10. Need for SubSelect
• To truly gain ultimate performance it is important that the lookup
operations produce a simple list of hierarchy ids so that this list can be
used in a sub-select for another table (such as a join between a
resource hierarchy and a group hierarchy and a role hierarchy)
• This can be either done by retrieving large collections from all three of
these separate places and doing an n-cubed iteration through the large
collections (especially in the case with users with lots of permission
power) or do it in a single join reducing the data to that which is to be
displayed within the database.
• So if work select work is done in stored procedures - they must accept
parameters and return ID lists like a standard select.
11. Common Implementation
Approaches
• Straight parent - child structure
– Insert is quite fast, lookup is loop-based with an SQL transaction to
descend each level
• Transitive closure of parent child
– On insert, traverse upwards and add direct parent - child links for all
parents “above” the child.
– This ends up with NlogN data, but insert is log N and lookup is log N.
– Often done with stored procedures or looping SQL
• Specific Database Extensions
– Oracle has such extensions - does this handle multi-rooted?
• Overlapping sets
– Based on maintaining pre-order numbering of nodes
– N-Squared on insert, log N on lookup.
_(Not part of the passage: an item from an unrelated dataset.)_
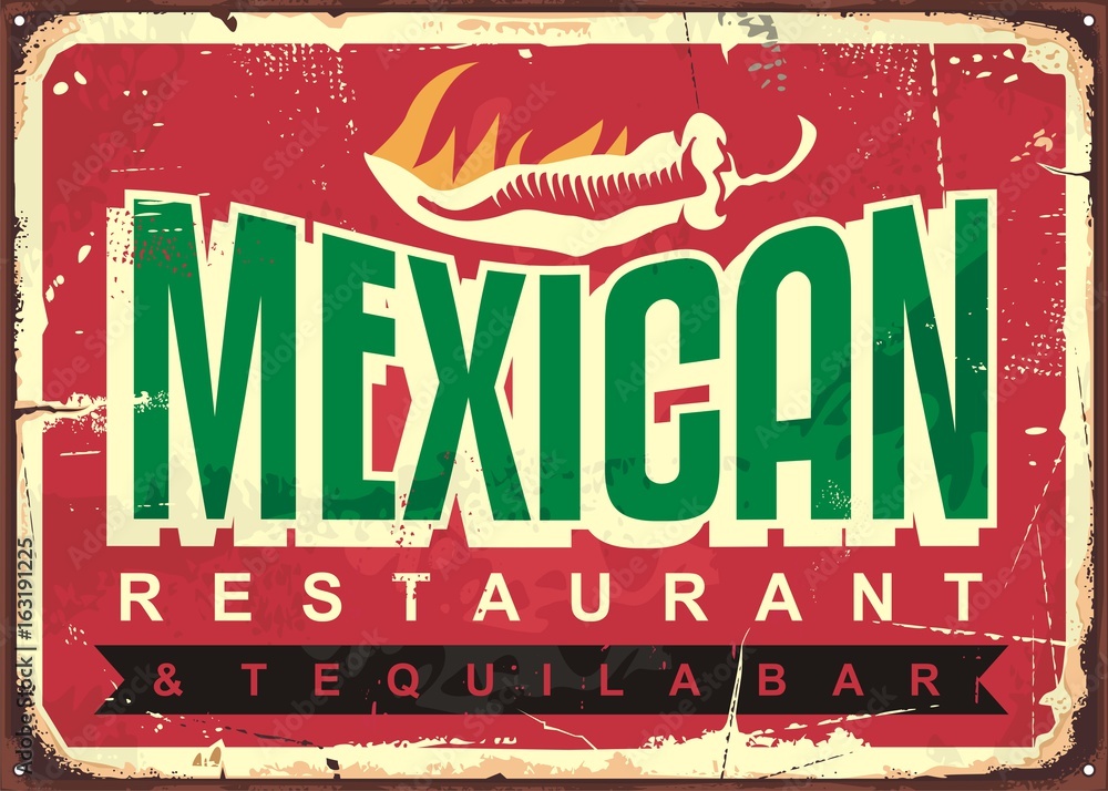 Fototapeta Mexican restaurant and tequila bar, old vintage sign concept with text message a
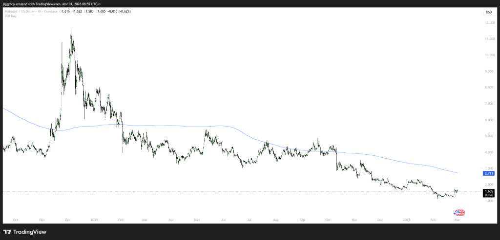 Polkadot is currently trading near $1.61, also deep below its 200-day moving average, which sits far higher around the $2.70 region and continues to slope downward.

Data is order-N
– Insert performance suffers on large hierarchies.
12. Implementation Questions
• How do we get lookup to operate in less than
LogN SQL transactions?
– Generally the answer is to have an auxiliary table with
the fully-realized path to each node, so that a WHERE
lookup can be done.
– This is fun when there are multiple roots because it
means that there are multiple paths to an iNode.
Understand that this is an NLogN data issue much like
the de-normalized parent relationship.